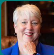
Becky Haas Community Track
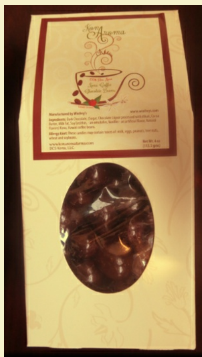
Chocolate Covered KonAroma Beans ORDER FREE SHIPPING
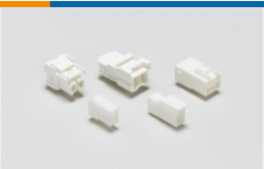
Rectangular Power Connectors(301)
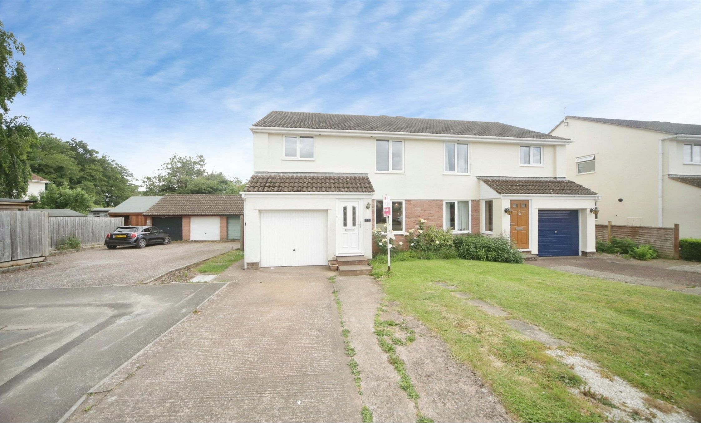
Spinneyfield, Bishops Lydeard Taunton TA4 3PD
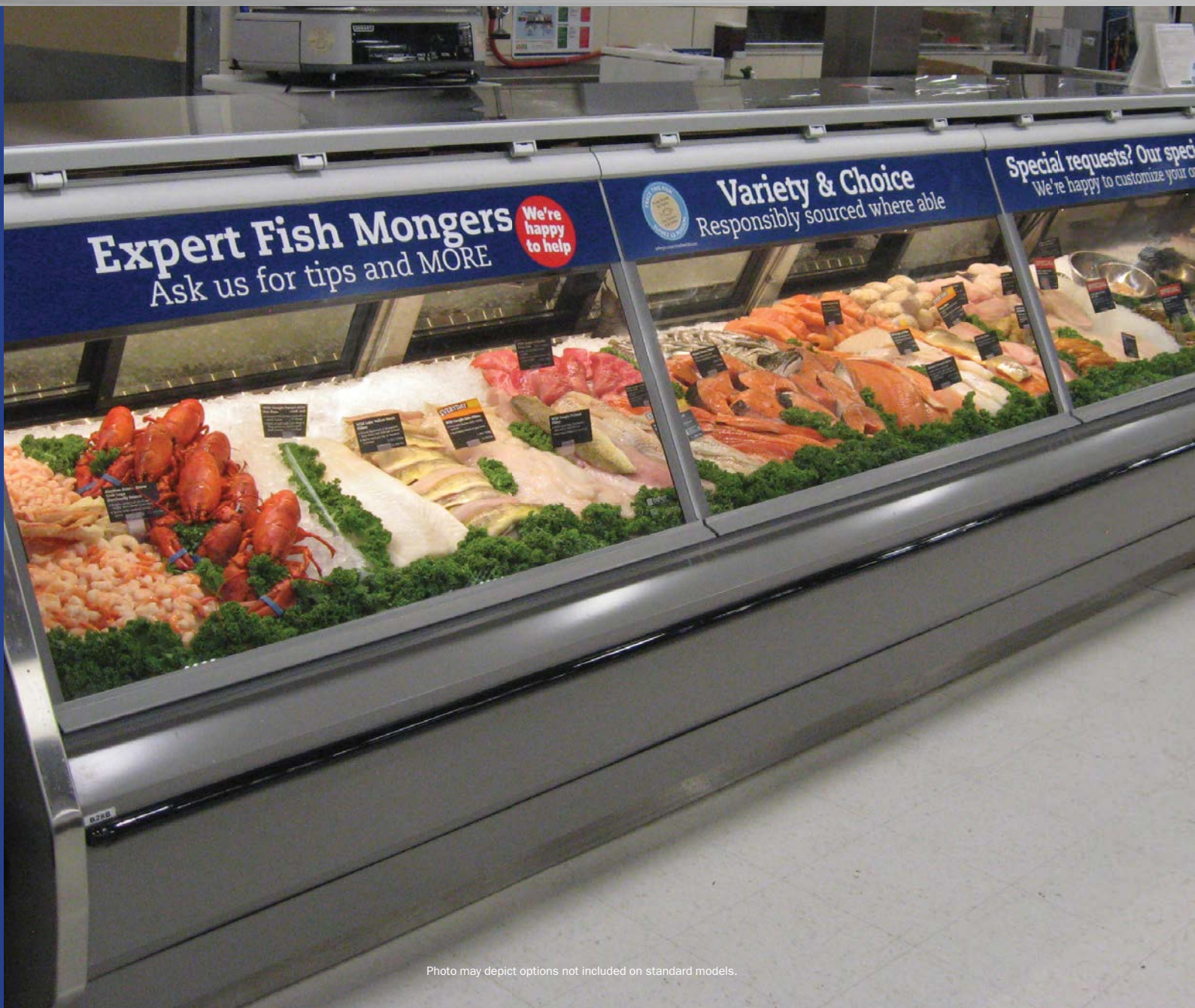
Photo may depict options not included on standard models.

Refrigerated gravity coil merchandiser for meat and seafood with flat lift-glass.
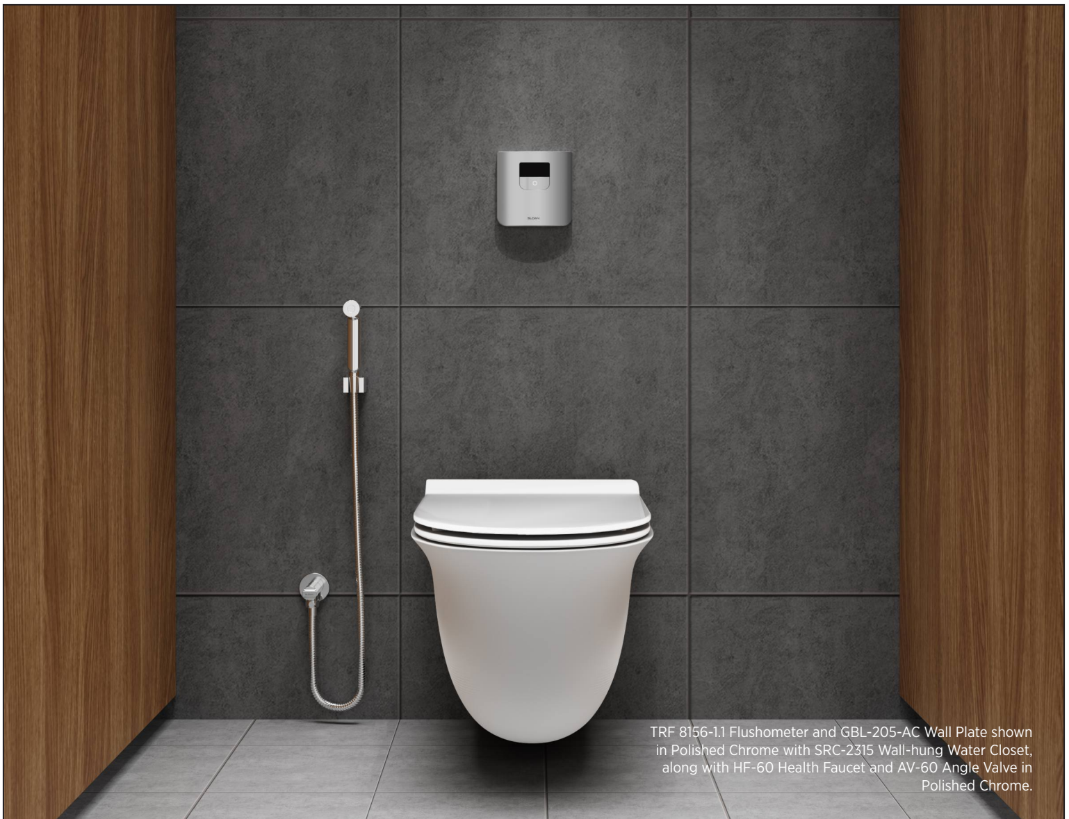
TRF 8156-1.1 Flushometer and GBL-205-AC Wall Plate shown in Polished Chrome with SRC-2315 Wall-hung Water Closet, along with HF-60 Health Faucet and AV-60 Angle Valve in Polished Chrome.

--

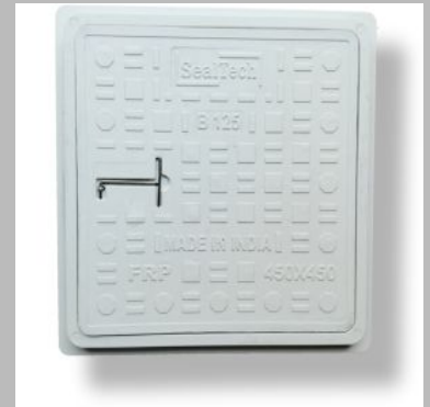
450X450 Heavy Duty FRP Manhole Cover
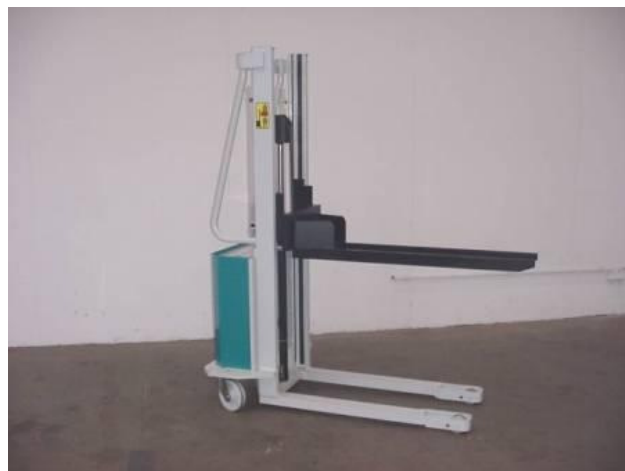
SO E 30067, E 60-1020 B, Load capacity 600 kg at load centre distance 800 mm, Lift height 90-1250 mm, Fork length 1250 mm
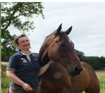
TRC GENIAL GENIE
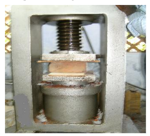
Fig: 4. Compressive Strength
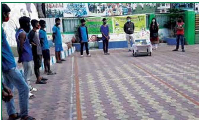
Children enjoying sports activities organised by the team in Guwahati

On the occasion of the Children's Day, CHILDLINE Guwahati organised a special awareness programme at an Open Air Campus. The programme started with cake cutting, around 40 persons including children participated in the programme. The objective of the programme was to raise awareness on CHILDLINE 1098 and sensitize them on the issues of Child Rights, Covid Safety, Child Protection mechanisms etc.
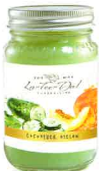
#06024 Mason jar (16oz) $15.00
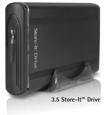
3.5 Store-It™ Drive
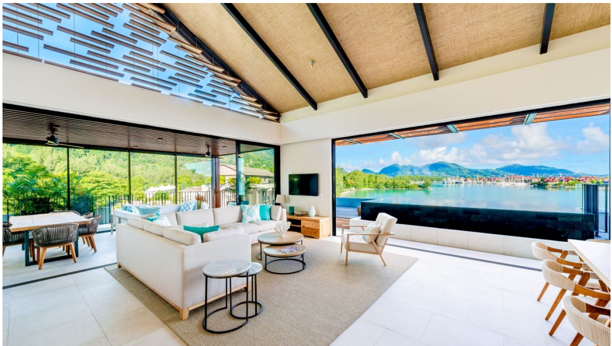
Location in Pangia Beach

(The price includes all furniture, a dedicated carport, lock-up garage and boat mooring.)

==

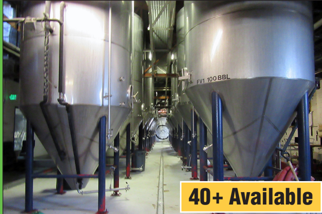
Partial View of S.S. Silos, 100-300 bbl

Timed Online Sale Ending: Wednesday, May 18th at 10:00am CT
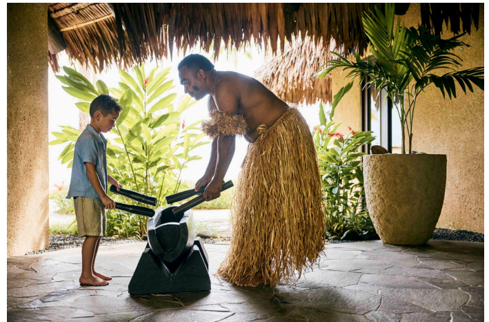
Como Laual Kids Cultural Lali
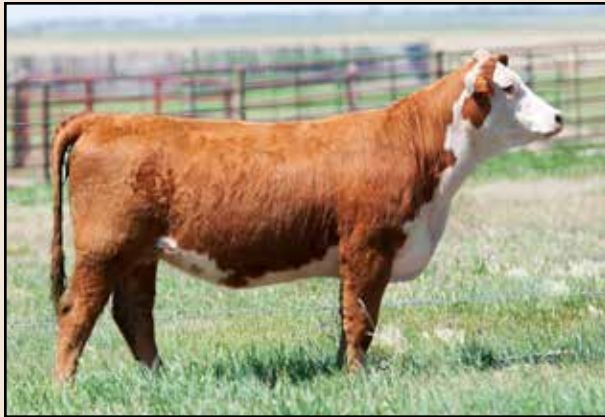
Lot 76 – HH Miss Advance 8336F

*Work request*:
Once the line with "Becky Haas Community Track" is found in the data above, reproduce it and each line after it exactly, through the line with "Photo may depict". Omit the pictures.

*Answer section*:
Becky Haas Community Track
Chocolate Covered KonAroma Beans ORDER FREE SHIPPING
Rectangular Power Connectors(301)
Spinneyfield, Bishops Lydeard Taunton TA4 3PD
Photo may depict options not included on standard models.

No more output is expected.